### Saved entries
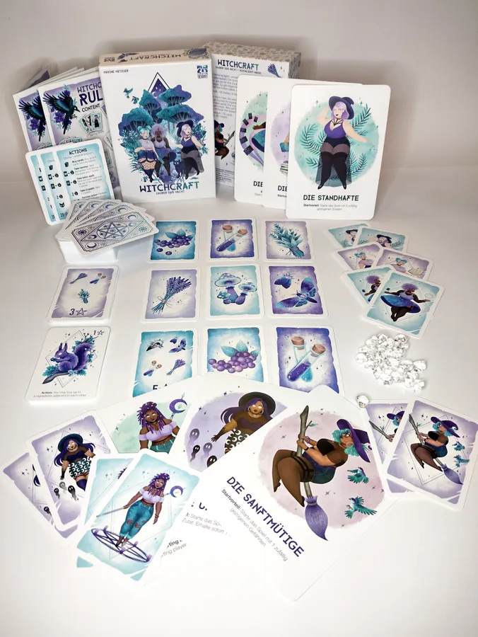 In "WITCHCRAFT" schlüpfst Du in die Rolle einer mächtigen Hexe, jede mit einzigartigen Anfangsfähigkeiten ausgestattet. Während des Spiels tauschst Du Kristalle gegen Zutaten, die Du benötigst, um mächtige Zauber zu wirken. Durch den cleveren Erwerb neuer Zaubersprüche und das Gewinnen von vertrauten Gefährten, die Dir auf Deinem magischen Weg zur Seite stehen, erweiterst Du Deine magischen Fähigkeiten. Jeder erfolgreich gewirkte Zauber bringt Dir Magiepunkte ein. Ziel des Spiels ist es, als Erste(r) 20 Magiepunkte zu sammeln und so das Spiel zu gewinnen.
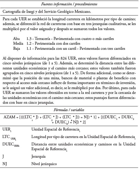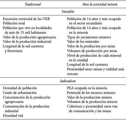 En la selección de variables, los trabajos sobre la asimilación económica han utilizado seis: una de connotación espacial, dos sobre aspectos demográficos, dos en torno a actividades económicas y una sobre infraestructura; con base en ellas se han elaborado cinco indicadores. Para la zona de estudio, el Cuadro 2 presenta las que fueron elegidas para el análisis de la minería.
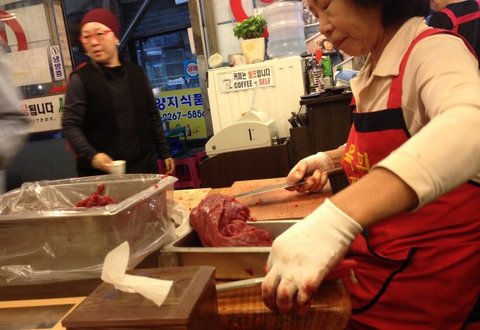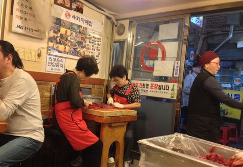 들어가면 아주머니들이 고기 썰고계심;;;;;
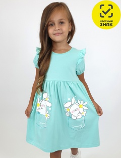 Платье для девочки, перед и спинка с кокеткой, сборка по верху юбки. Рукав короткий, внизу собран на резинку, в пройме рюша. Горловина обработана ластиком. Печать на переднем полотнище юбки.
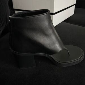Miu Miu Thong Block Heeled Ankle Boots size 8 comes with box Step out in style with these elegant black ankle boots. Perfect for any occasion, they offer both comfort and sophistication.100% Calfskin Leather, 100% Rubber

### Problem to work on
Return the entries verbatim, pictures excluded.

### Output for this exercise
 In "WITCHCRAFT" schlüpfst Du in die Rolle einer mächtigen Hexe, jede mit einzigartigen Anfangsfähigkeiten ausgestattet. Während des Spiels tauschst Du Kristalle gegen Zutaten, die Du benötigst, um mächtige Zauber zu wirken. Durch den cleveren Erwerb neuer Zaubersprüche und das Gewinnen von vertrauten Gefährten, die Dir auf Deinem magischen Weg zur Seite stehen, erweiterst Du Deine magischen Fähigkeiten. Jeder erfolgreich gewirkte Zauber bringt Dir Magiepunkte ein. Ziel des Spiels ist es, als Erste(r) 20 Magiepunkte zu sammeln und so das Spiel zu gewinnen.
 En la selección de variables, los trabajos sobre la asimilación económica han utilizado seis: una de connotación espacial, dos sobre aspectos demográficos, dos en torno a actividades económicas y una sobre infraestructura; con base en ellas se han elaborado cinco indicadores. Para la zona de estudio, el Cuadro 2 presenta las que fueron elegidas para el análisis de la minería.
 들어가면 아주머니들이 고기 썰고계심;;;;;
 Платье для девочки, перед и спинка с кокеткой, сборка по верху юбки. Рукав короткий, внизу собран на резинку, в пройме рюша. Горловина обработана ластиком. Печать на переднем полотнище юбки.
Miu Miu Thong Block Heeled Ankle Boots size 8 comes with box Step out in style with these elegant black ankle boots. Perfect for any occasion, they offer both comfort and sophistication.100% Calfskin Leather, 100% Rubber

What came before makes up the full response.